§ Stored data

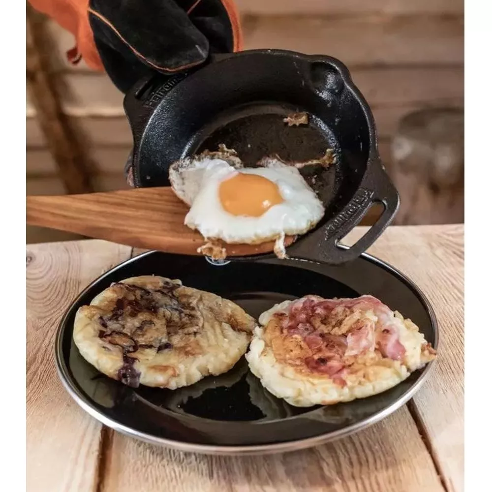 Ob saftiges Fleisch, herzhafte Pfannkuchen oder gegrilltes Gemüse: Die Petromax Emaille Teller eignen sich perfekt, um all deine Lieblingsgerichte stilvoll zu servieren. Dank ihrer gebrannten Oberfläche sind die robusten Leichtgewichte hitzebeständig und kratzfest. Der Edelstahlrand sorgt zudem für eine besondere Stossfestigkeit. Der hochwertige Rand macht die Teller widerstandsfähig und robust. Die bewährte Verbindung aus Glas und Stahl macht die Petromax Emaille Teller zur perfekten Ergänzung für deinen nächsten Campingausflug.
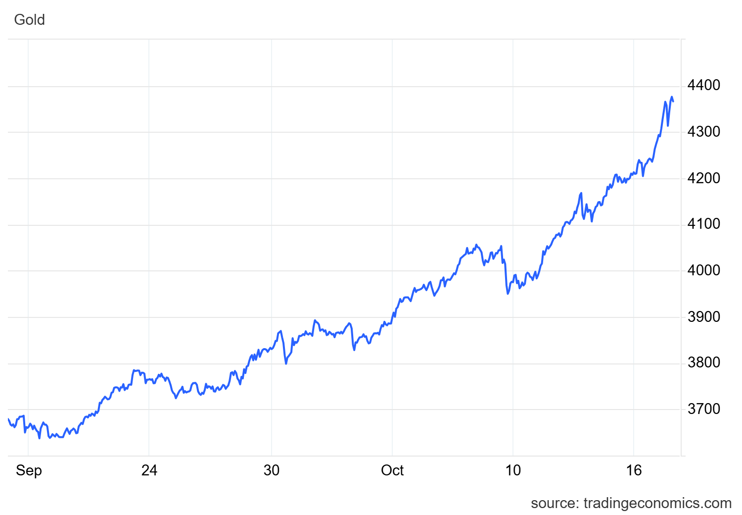 L’oro esplode: Come ormai sanno anche i sassi, l’oro vola. È schizzato a circa 4.360 dollari l’oncia, tornando vicino ai record storici e segnando la settimana migliore da marzo 2020. Qui la paura è doppia: da un lato, il classico timore di un crollo azionario; dall’altro, il timore del debasement, ovvero una svalutazione competitiva del dollaro, magari in risposta alle mosse sullo Yuan. L’oro, che quest’anno è salito di oltre il 60%, beneficia anche degli acquisti delle banche centrali e della forte domanda di asset sicuri.
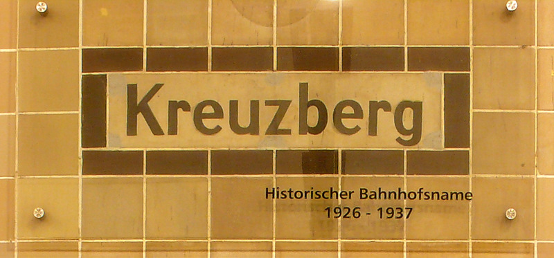 1926년 2월 14일 CII선 연장 구간의 크로이츠베르크(Kreuzberg)역으로 개통되었다. 알프레드 그레난데르가 역사를 설계했으며, 메르키셰스 무제움역과 더불어 승강장 내 중간 기둥이 없는 역이다. 개조 과정에서 발견된 이전 역명판 두 개는 유리 아래에 보존되어 있다.[5] 1927년 9월 10일에는 다음 역인 파라데슈트라세역(당시 명칭 공항역(Flughafen))까지 1개 역 연장되었다. 세계수도 게르마니아 계획에 따라서 베를린 템펠호프 공항의 증축과 남북축 대로를 계획하면서, 1937년에는 다음 역이었던 공항역에서 이름을 가져왔고, 과거의 공항역은 파라데슈트라세(Paradestraße)역으로 개칭되었다.[3]

§ What the exercise asks
The range to transcribe runs from the line holding "L’oro esplode: Come" through the final line of the data above; copy it exactly and exclude the pictures.

§ Answer area
 L’oro esplode: Come ormai sanno anche i sassi, l’oro vola. È schizzato a circa 4.360 dollari l’oncia, tornando vicino ai record storici e segnando la settimana migliore da marzo 2020. Qui la paura è doppia: da un lato, il classico timore di un crollo azionario; dall’altro, il timore del debasement, ovvero una svalutazione competitiva del dollaro, magari in risposta alle mosse sullo Yuan. L’oro, che quest’anno è salito di oltre il 60%, beneficia anche degli acquisti delle banche centrali e della forte domanda di asset sicuri.
 1926년 2월 14일 CII선 연장 구간의 크로이츠베르크(Kreuzberg)역으로 개통되었다. 알프레드 그레난데르가 역사를 설계했으며, 메르키셰스 무제움역과 더불어 승강장 내 중간 기둥이 없는 역이다. 개조 과정에서 발견된 이전 역명판 두 개는 유리 아래에 보존되어 있다.[5] 1927년 9월 10일에는 다음 역인 파라데슈트라세역(당시 명칭 공항역(Flughafen))까지 1개 역 연장되었다. 세계수도 게르마니아 계획에 따라서 베를린 템펠호프 공항의 증축과 남북축 대로를 계획하면서, 1937년에는 다음 역이었던 공항역에서 이름을 가져왔고, 과거의 공항역은 파라데슈트라세(Paradestraße)역으로 개칭되었다.[3]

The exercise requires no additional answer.